Investors interested in tracking the oil refinery space can take a look at the Market Vectors Oil Refiners ETF (NYSEArca: CRAK), which began trading in August. CRAK has gained 3.6% over the past month.

“Refiners have been the lone bright spot in the energy sector during the past year, handily outperforming every other subsector,” writes Allen Good is a senior equity analyst for Morningstar. “While oil prices have deteriorated, refining margins have improved, thanks to strength in gasoline margins due to key refinery outages and strong demand.”

Gasoline demand, which is nearing its 2007 record high, and supply disruptions from refinery outages have bolstered gasoline margins about 50% this year.

While we are at the end of the summer driving season, Good expects demand growth outside of normal seasonality thanks to help from cheap oil prices.

Good also projects improved earnings in the refining space as short-term investments. Oil refiners have not taken large, capital-intensive expansions or acquisitions.
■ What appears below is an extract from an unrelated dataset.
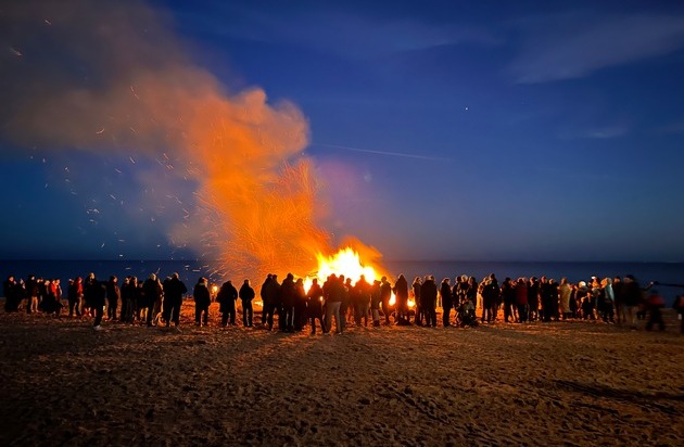 Am 14. Februar werden in Dahme, Grömitz und Kellenhusen traditionell die Wintergeister mit einem großen Strandfeuer vertrieben und der Frühling herbeigerufen. In allen drei Orten geht es mit einem gemeinsamen Fackelumzug entlang der Küste los, der alle Teilnehmer zu einem großen Haufen aus Ästen, Strohballen, Weihnachtsbäumen & Co. führt, welcher gemeinschaftlich mit den Fackeln zum Strandfeuer entzündet wird. Live-Musik, deftige Schmankerl und heiße Getränke sorgen für gemütliche Stimmung und laden dazu ein, den Abend rund um das Feuer zu verbringen.

Instead, companies have capitalized on the availability of discount crude and natural gas or improving yields.

“These projects typically require much less capital (processing capacity is much cheaper for light crude than heavy crude), have short payback periods, and generate attractive returns,” Good added. “Thanks to the completion of many of these projects, as well as improved operating performance, refiners can generate earnings growth in a flat-margin environment.”